AIM OF THE TASK: A faithful copy of the entries is required, with no images in it.

INPUT DATA:
-=-=-=-=-
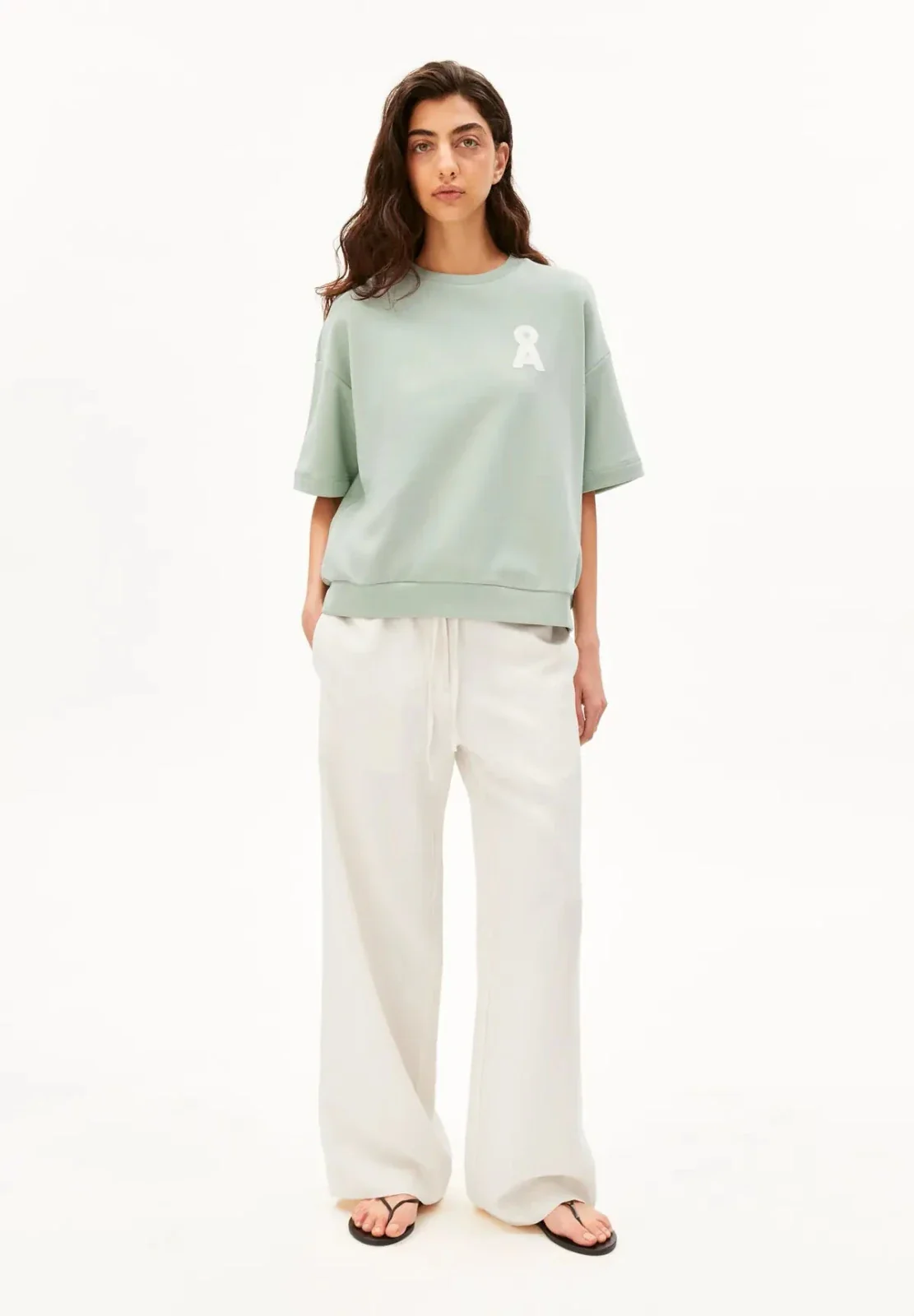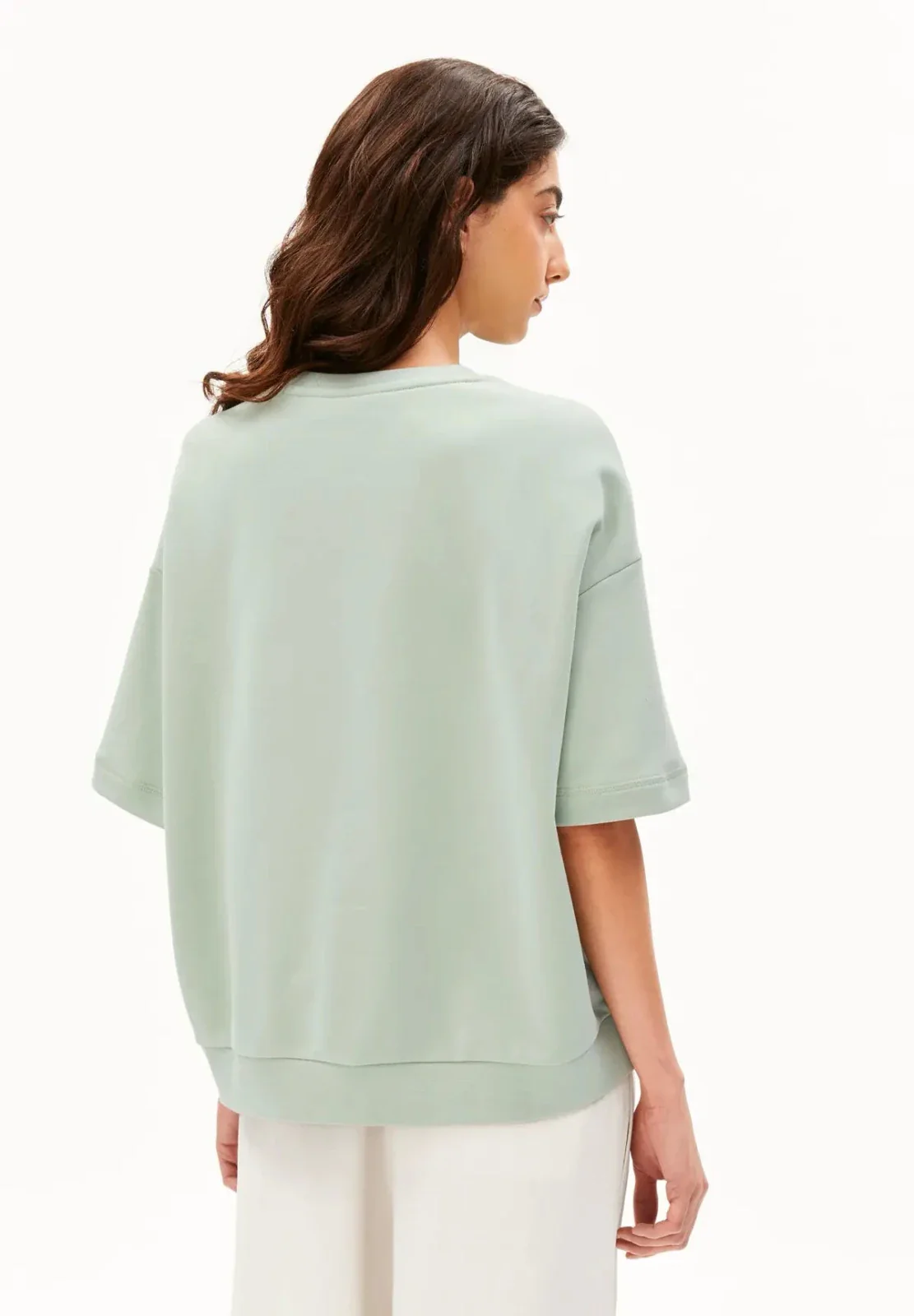 Oversized Sweatshirt aus Bio-Baumwolle in hellem Mintgrün – weicher Damen Sweater, lässig geschnitten, bequem und ideal für entspannte Alltagslooks.
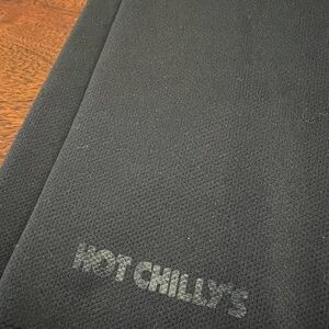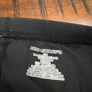Stay warm with these Hot Chillys black thermal base layer leggings, size large. Made in Canada from 100% polyester. Excellent for cold weather, skiing, snowboarding, or layering.
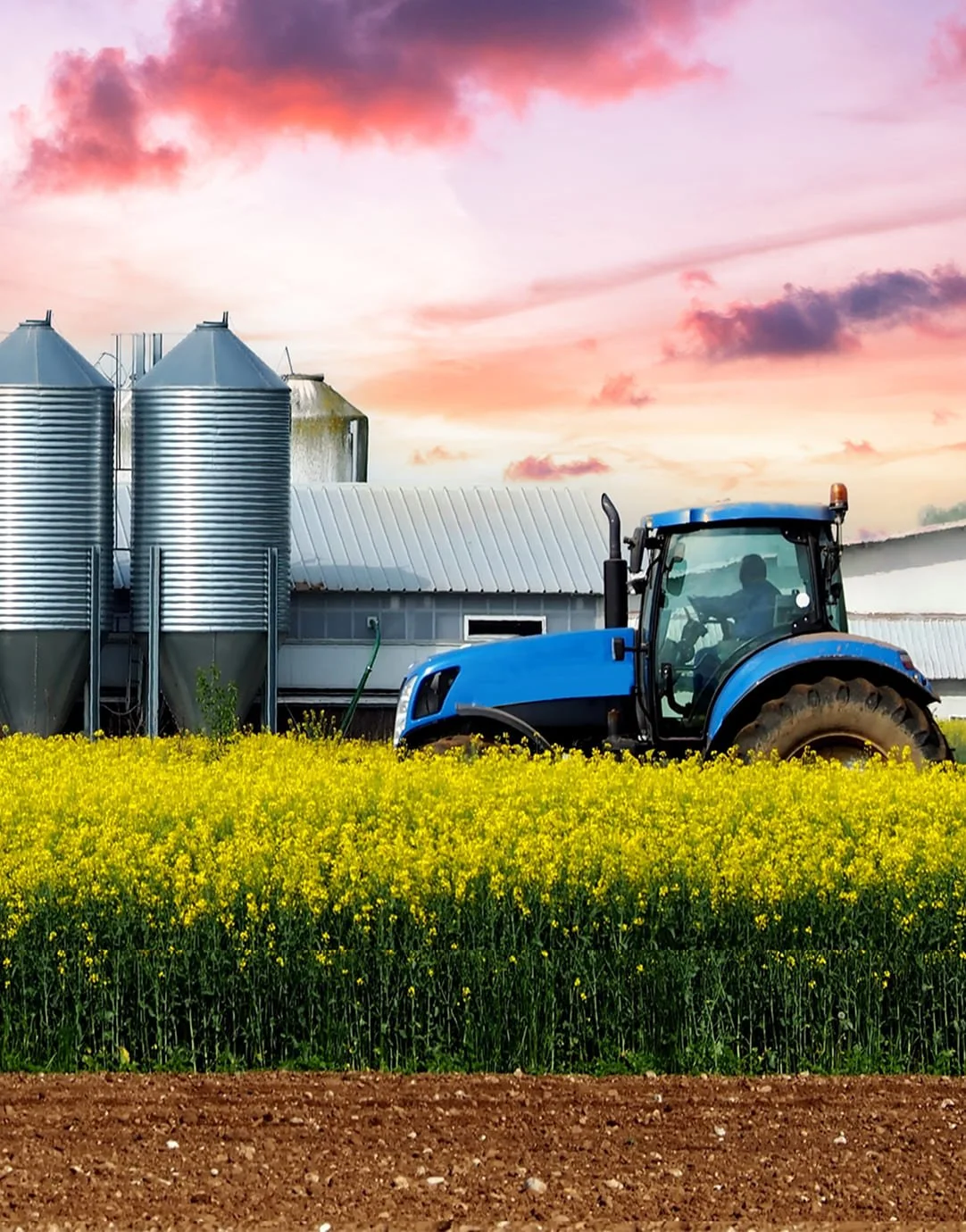 A tractor working in a yellow flower field on a farm with silos and barn structures in the background during sunset.
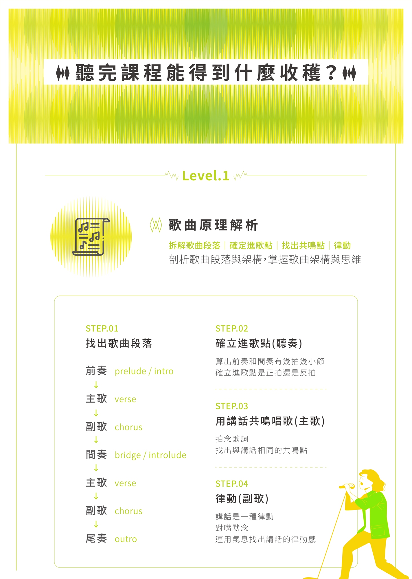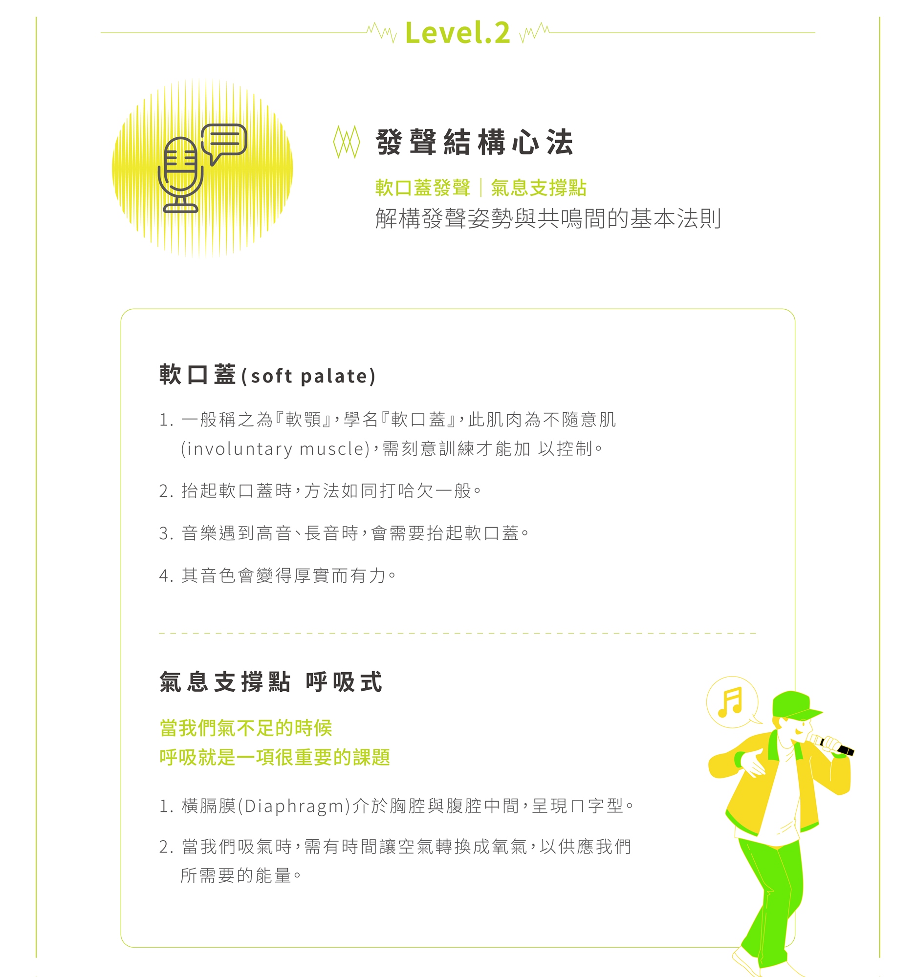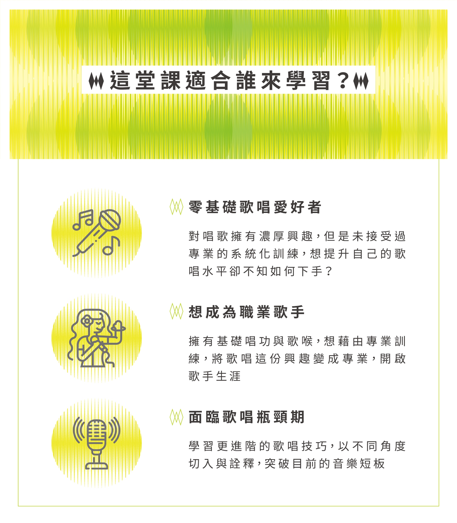 此次講堂將採用手把手的授課方式,透過系統化訓練,穩固歌唱實力的地基
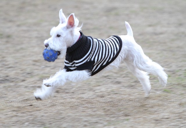 ボール遊びをしていた白シュナちゃんのボールを横取りして、取られまいと足で押さえ込んでいました(^^;)
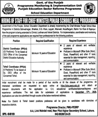 Candidates, if you are seeking School Education Department Jobs 2025 in Lahore, Apply Online yes. Then it would help if you tried to complete the School Education Department Jobs because here you can easily apply for these vacancies: District Coordinator and Tehsil Coordinator.
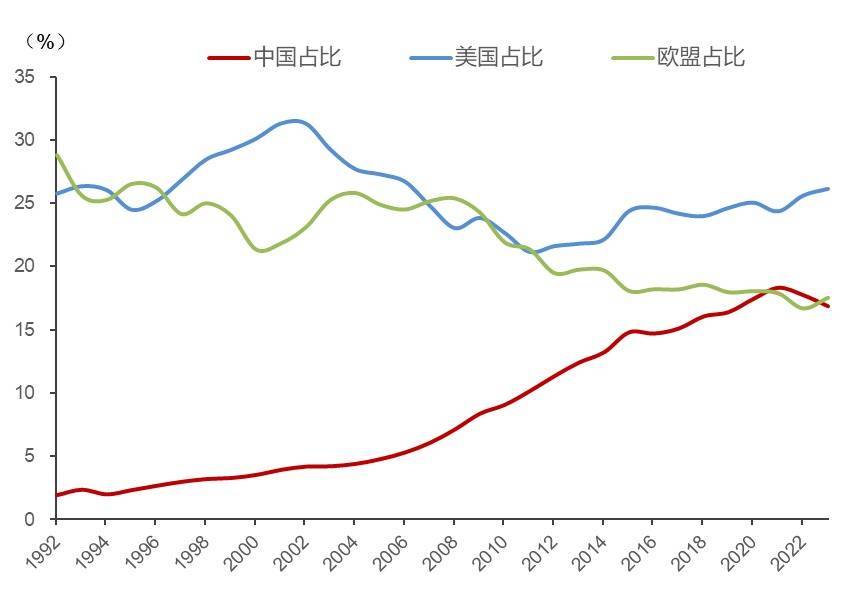 三大经济体GDP占世界比重(美元计价)(%)
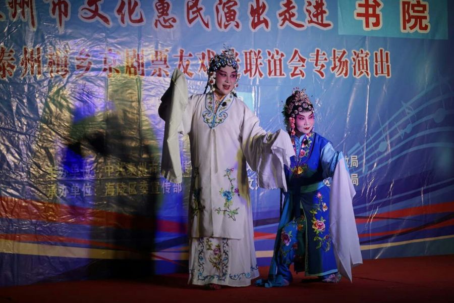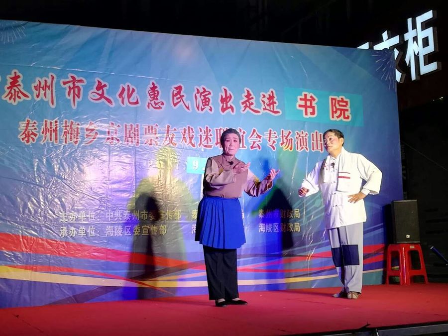 9月13日晚上,梅乡京剧票友联谊会在城中街道书院社区开展惠民演出活动,为居民们送上了一台高质量的京剧艺术大餐,让戏迷们过足了戏瘾。此次演出,有传统京剧《白蛇传》、《贵妃醉酒》、《状元媒》、《文昭关》、《钓金龟》、《锁麟囊》、《洪羊洞》等经典曲目,有现代京剧《沙家浜》、《白毛女》、《智取威虎山》、《红灯记》等优美唱段,演员们通过彩唱、对唱、折子戏表演等形式轮番上场,居民们在台下不时报以热烈的掌声和喝彩声,整场演出受到了广大居民的充分肯定和由衷赞誉。
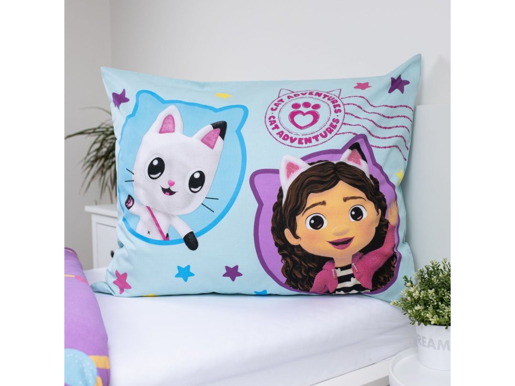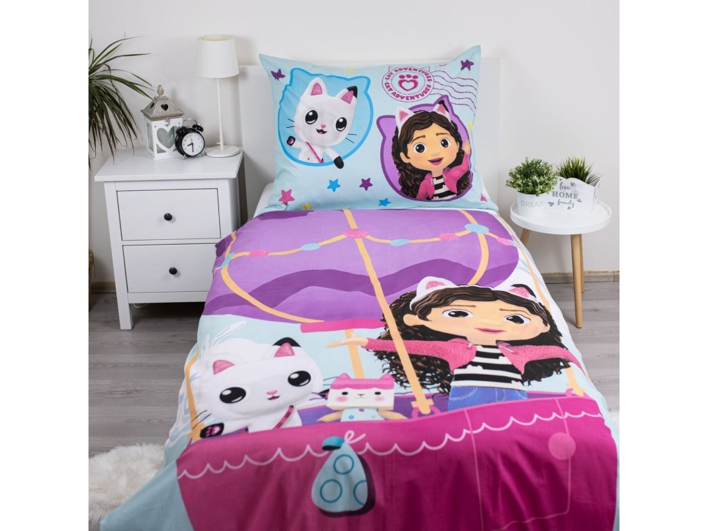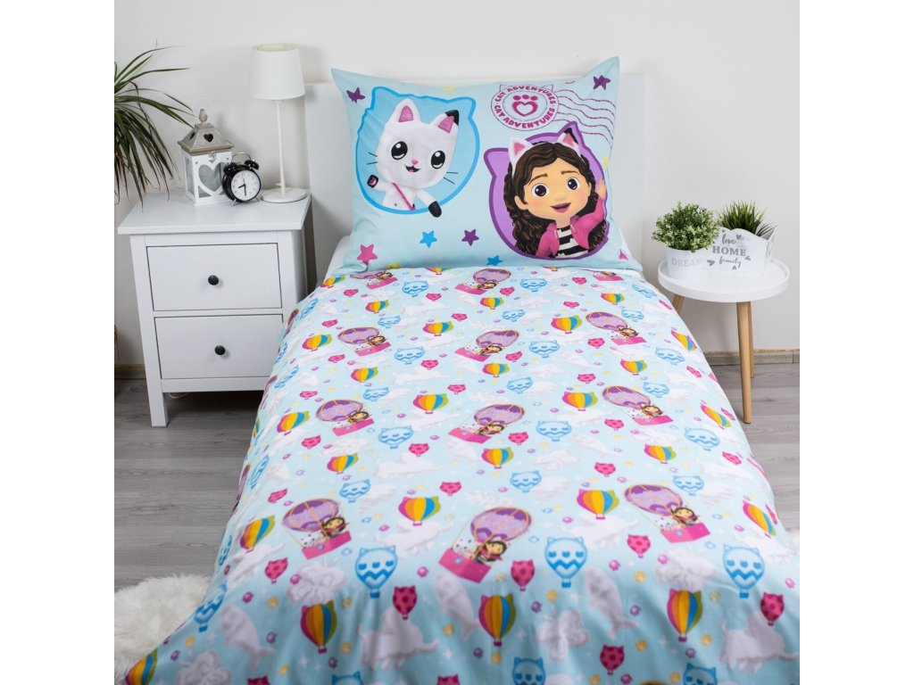 Povlečení s motivem Gabby's Dollhouse Balloon. Rozměr 140×200 cm + 70×90 cm. Barevný potisk s Gabby a jejími kočičími kamarády v horkovzdušném balónu na modrém nebi s obláčky potěší každého malého fanouška.
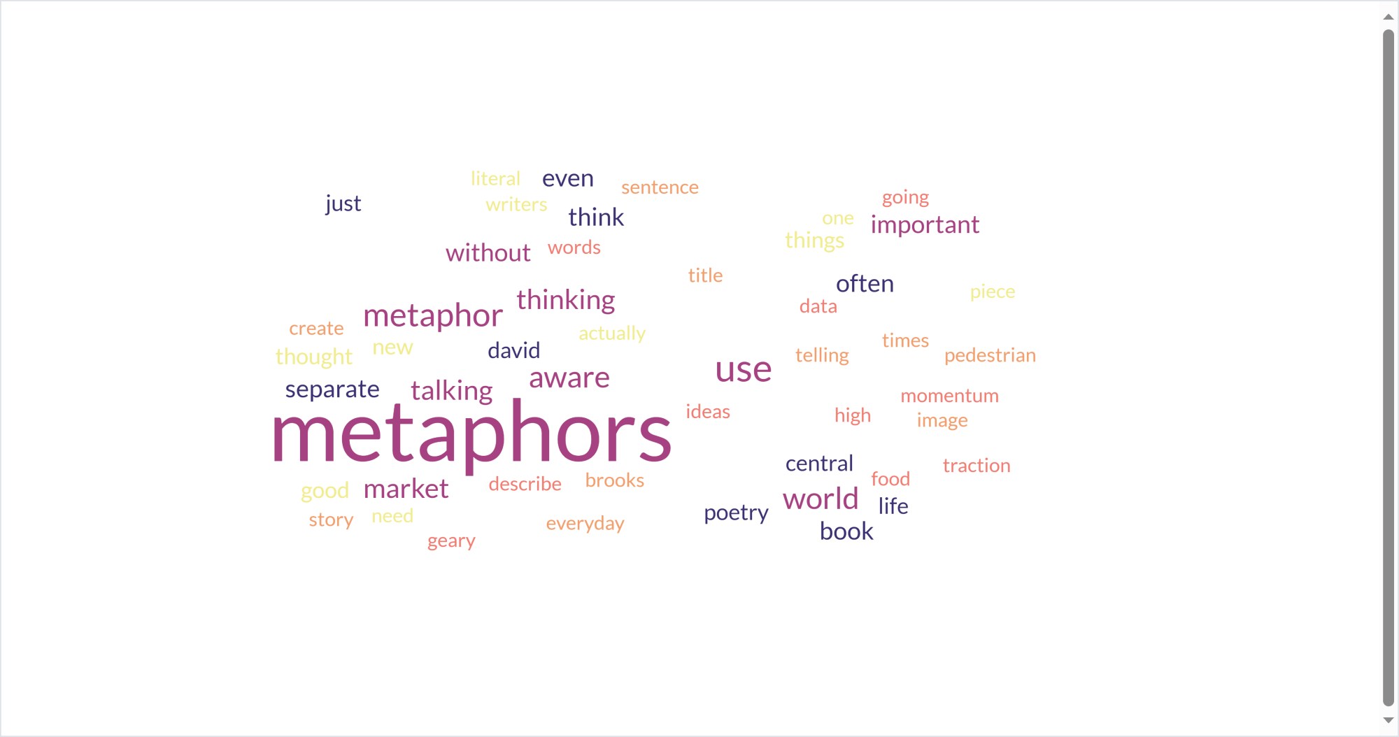 To be aware of the central role metaphors play is to be aware of how imprecise our most important thinking is. It’s to be aware of the constant need to question metaphors with data — to separate the living from the dead ones, and the authentic metaphors that seek to illuminate the world from the tinny advertising and political metaphors that seek to manipulate it.
-=-=-=-=-
EXERCISE ANSWER:
 Oversized Sweatshirt aus Bio-Baumwolle in hellem Mintgrün – weicher Damen Sweater, lässig geschnitten, bequem und ideal für entspannte Alltagslooks.
Stay warm with these Hot Chillys black thermal base layer leggings, size large. Made in Canada from 100% polyester. Excellent for cold weather, skiing, snowboarding, or layering.
 A tractor working in a yellow flower field on a farm with silos and barn structures in the background during sunset.
 此次講堂將採用手把手的授課方式,透過系統化訓練,穩固歌唱實力的地基
 ボール遊びをしていた白シュナちゃんのボールを横取りして、取られまいと足で押さえ込んでいました(^^;)
 Candidates, if you are seeking School Education Department Jobs 2025 in Lahore, Apply Online yes. Then it would help if you tried to complete the School Education Department Jobs because here you can easily apply for these vacancies: District Coordinator and Tehsil Coordinator.
 三大经济体GDP占世界比重(美元计价)(%)
 9月13日晚上,梅乡京剧票友联谊会在城中街道书院社区开展惠民演出活动,为居民们送上了一台高质量的京剧艺术大餐,让戏迷们过足了戏瘾。此次演出,有传统京剧《白蛇传》、《贵妃醉酒》、《状元媒》、《文昭关》、《钓金龟》、《锁麟囊》、《洪羊洞》等经典曲目,有现代京剧《沙家浜》、《白毛女》、《智取威虎山》、《红灯记》等优美唱段,演员们通过彩唱、对唱、折子戏表演等形式轮番上场,居民们在台下不时报以热烈的掌声和喝彩声,整场演出受到了广大居民的充分肯定和由衷赞誉。
 Povlečení s motivem Gabby's Dollhouse Balloon. Rozměr 140×200 cm + 70×90 cm. Barevný potisk s Gabby a jejími kočičími kamarády v horkovzdušném balónu na modrém nebi s obláčky potěší každého malého fanouška.
 To be aware of the central role metaphors play is to be aware of how imprecise our most important thinking is. It’s to be aware of the constant need to question metaphors with data — to separate the living from the dead ones, and the authentic metaphors that seek to illuminate the world from the tinny advertising and political metaphors that seek to manipulate it.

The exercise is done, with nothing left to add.